<<<<
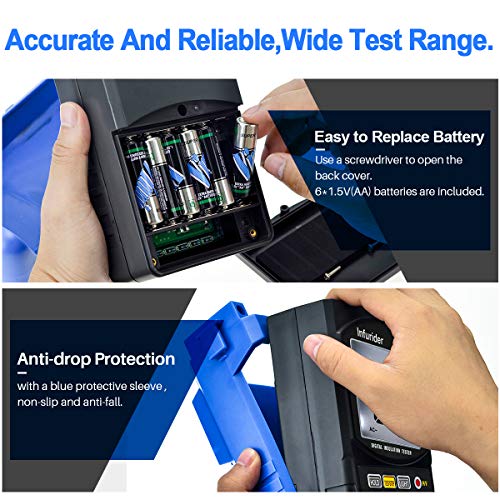 ✈【Doppia Protezione】Protezione da sovraccarico IEC 61010-1 e CATIV 600V / CATIII 1000V in tutte le gamme, design del circuito anti-alta tensione. Viene fornito con una copertura protettiva blu anti-caduta e antiurto, che protegge efficacemente l'esterno dello strumento e previene i danni causati dalla caduta.
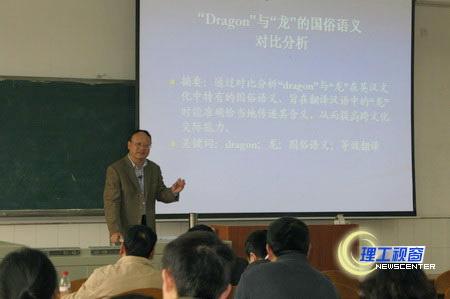 唐健禾以我校学报“翻译、文化与文学”专栏的16篇投稿文章为素材,把这些论文按选题分为翻译理论与实践、文化对比、文学和其他四个板块。他通过展示多媒体课件,带领广大教师欣赏与学习了这16篇论文的选题与内容概要,分析每篇文章的特色,亮点与不足,开阔了老师们的眼界与科研思路。随后,唐健禾以他广博的知识和严谨的治学态度与老师们分享了他个人关于科研的几点思考与认识:一、研究选题的灵活性与创新性;二、论文撰写的拓宽性与深入性;三、语言论述与举例论证;四、可能存在的一些问题。唐健禾从这四个方面深入浅出地为老师们的研究方向及论文选题做了悉心的指导,解决了长久以来困扰老师们在科研选题、撰写、举例论证等方面的难题。最后,唐健禾以穆雷的“正是因为翻译理论的深入,翻译实践中的许多问题才得以被描述、被发现、被解决;也正是通过翻译理论的发展,翻译学才获得现行教育体制的认可,翻译行业才逐渐被大众所认识,所接受”作为结束语结束了这次精彩生动的讲座。
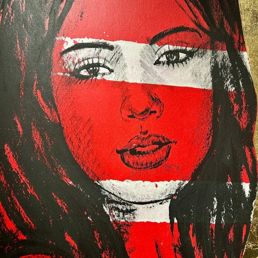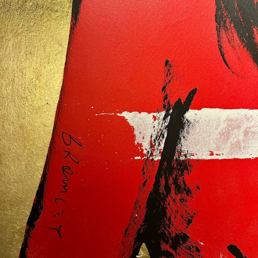 Shipping & ReturnsTerms & ConditionsContactThe beautiful 'Mallory' from David Bromley's Nude Series. Painted with striking red contrasted by graphic white stripes. With a warm, shimmering gold backdrop. Acrylic, oil and gold leaf gilding on canvas. 160 x 122cm. This painting is located at our South Yarra gallery.
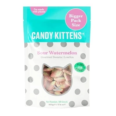 A WALK ON THE WILD SIDE: How wild do you want to be? It's a full on Friday night, end of term & going on holiday kind of wild when you pop one of these badly behaved Candy Kittens sweets in your mouth MASSIVE FLAVOURS: Our Sour Watermelon flavour is so intense vegan sweet lovers have been known to call the kitten police, you know, the kittens that come to check your kitten pulse? IT'S NOT JUST GOURMET FOOD: Get your gourmet on because our vegan kitten sweets are for connoisseur's only, if you love them, you'll be one, whatever it means, we just want you to love them NATURAL, NATURAL, NATURAL: Did we say natural? Packed with yummyness Candy Kittens Sour Watermelon Gourmet sweets have a minimum 10% fruit juice + natural flavouring & colouring WITHOUT THE ARTIFICIALS: Correct, there are no artificial ingredients in the candy kitten sweets, just the wholesome, wholesomeness of the Sour Watermelon juice, juiciness. *Packaging may vary
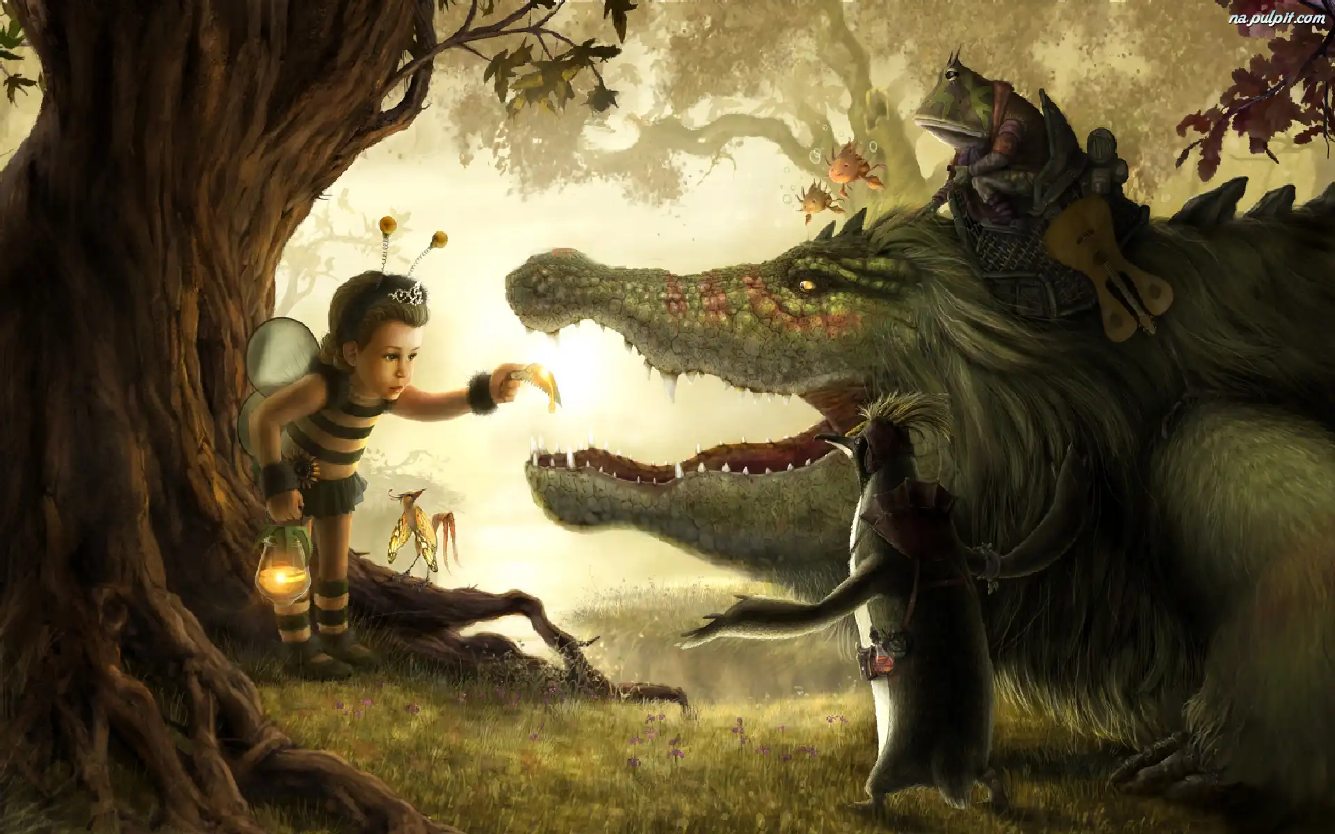 Zwierzęta, Dziewczynka, Pszczółka Na Pulpit
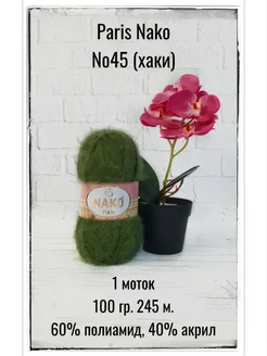 Пряжа для вязания пушистая Paris 45 хаки 1 моток
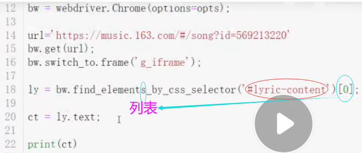 ly = bw.find_elements_by_css_selector('#lyric-content')[0];
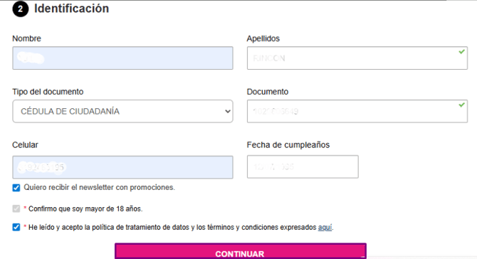 Una vez completes todos los campos y aceptes la política de tratamiento de datos, deberás hacer clic en Continuar nuevamente.
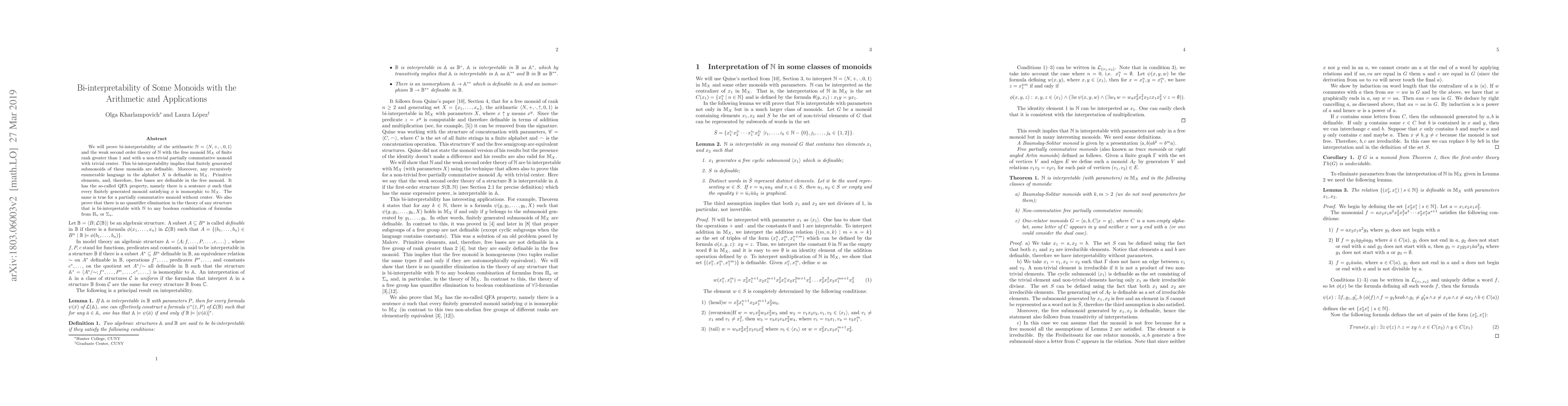This paper establishes bi-interpretability between the arithmetic system and a free monoid with specific properties, leading to definability of various structures and languages.
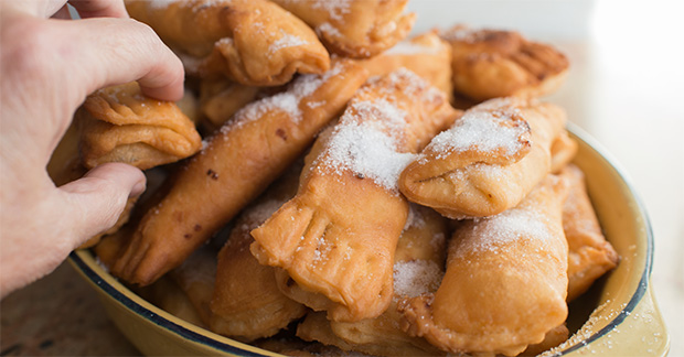 Bakery windows are stuffed with tempting treats such as casadiellas (walnut-stuffed dumplings, pictured), carbayones (glazed almond cream-filled pastries) and frixuelos (sweet crepes), popular during the annual carnival.
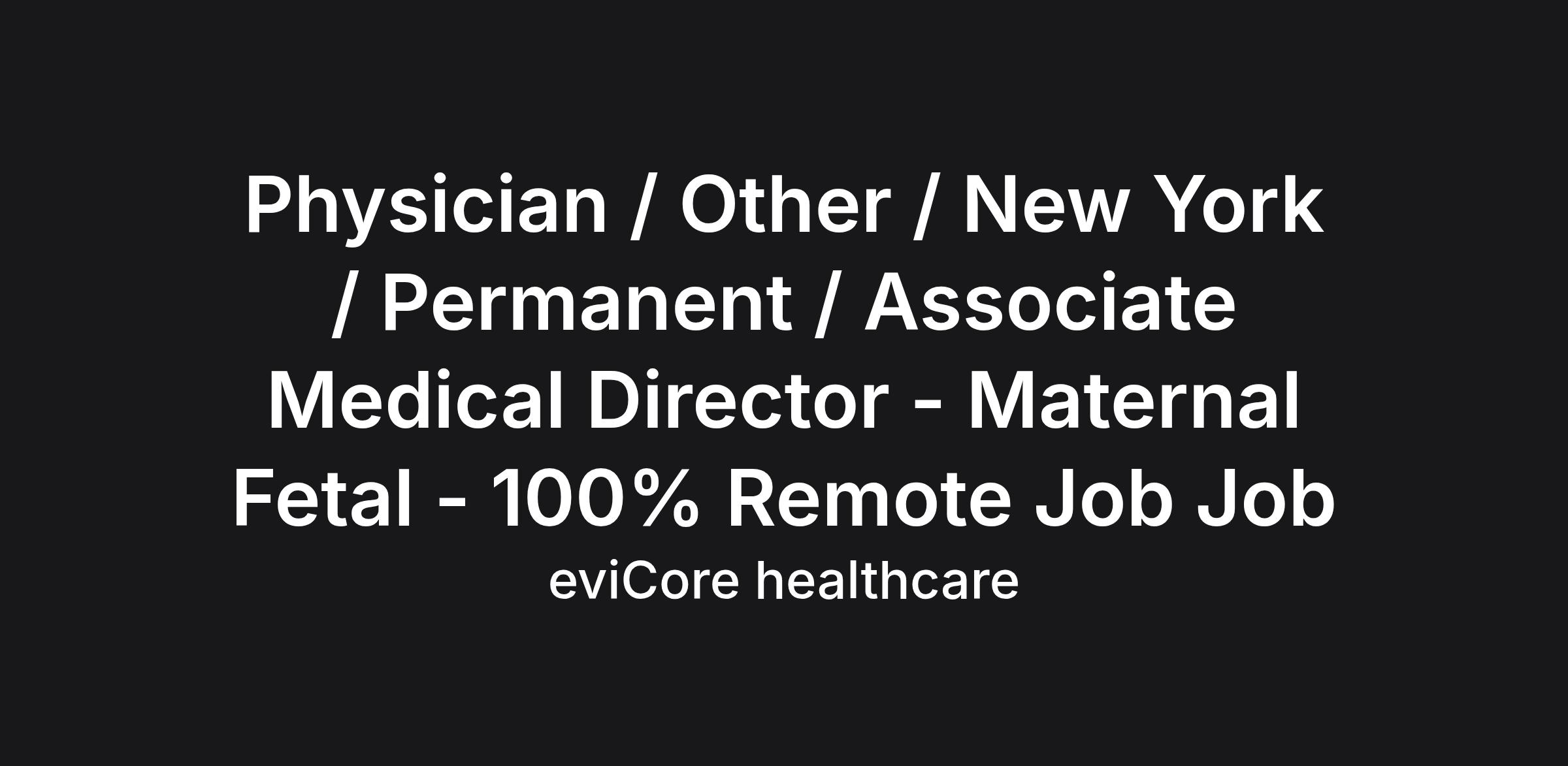 Physician / Other / New York / Permanent / Associate Medical Director - Maternal Fetal - 100% Remote Job Job
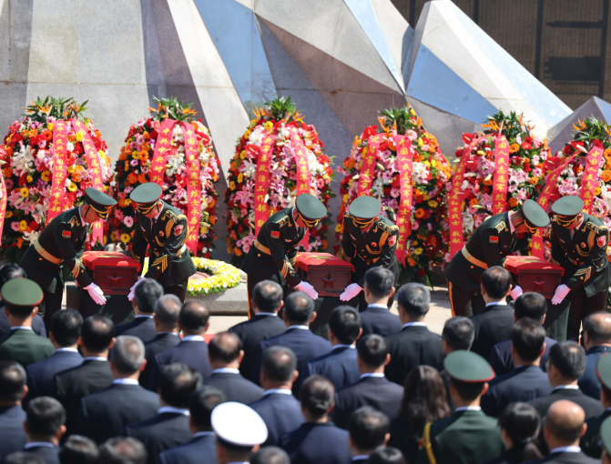 今天上午,第十三批在韩中国人民志愿军烈士遗骸安葬仪式在沈阳抗美援朝烈士陵园举行。
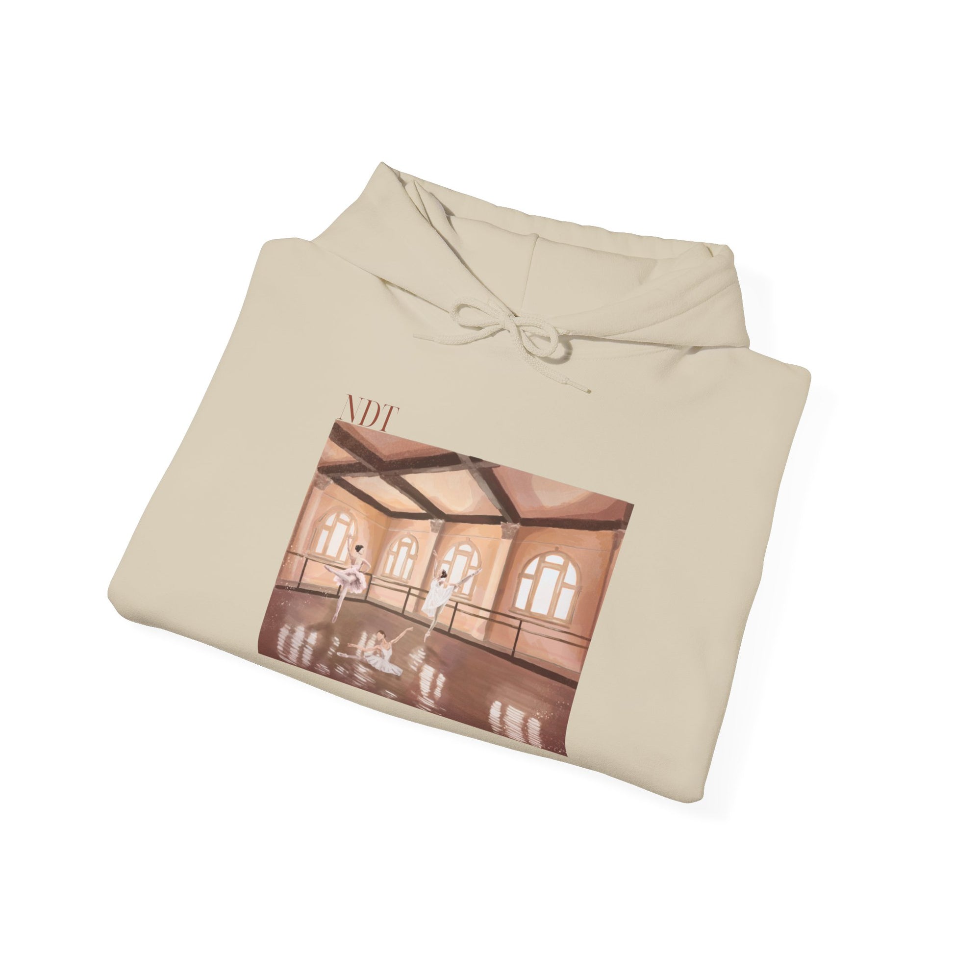This unisex heavy blend hooded sweatshirt shows off a beautiful original painting of Northern Dance Theatre's historic Studio 1 while feeling like relaxation itself. Made with a thick blend of cotton and polyester, it feels plush, soft and warm, a perfect choice for any cold day. In the front, the spacious kangaroo pocket adds daily practicality while the hood's drawstring is the same color as the base sweater for extra style points.
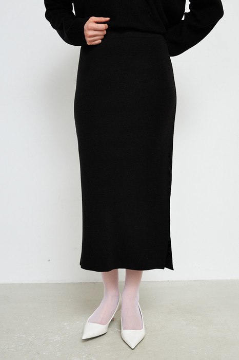 Юбка прилегающего силуэта с эластичным поясом и разрезом в боковом шве. Изделие выполнено из мягкой структурированной пряжи.
>>>>
▶ EXERCISE
Reproduce the lines from the line containing "Bakery windows are" through the end of the records above, exactly and inclusively, omitting pictures.

▶ SOLUTION TO THE EXERCISE
 Bakery windows are stuffed with tempting treats such as casadiellas (walnut-stuffed dumplings, pictured), carbayones (glazed almond cream-filled pastries) and frixuelos (sweet crepes), popular during the annual carnival.
 Physician / Other / New York / Permanent / Associate Medical Director - Maternal Fetal - 100% Remote Job Job
 今天上午,第十三批在韩中国人民志愿军烈士遗骸安葬仪式在沈阳抗美援朝烈士陵园举行。
This unisex heavy blend hooded sweatshirt shows off a beautiful original painting of Northern Dance Theatre's historic Studio 1 while feeling like relaxation itself. Made with a thick blend of cotton and polyester, it feels plush, soft and warm, a perfect choice for any cold day. In the front, the spacious kangaroo pocket adds daily practicality while the hood's drawstring is the same color as the base sweater for extra style points.
 Юбка прилегающего силуэта с эластичным поясом и разрезом в боковом шве. Изделие выполнено из мягкой структурированной пряжи.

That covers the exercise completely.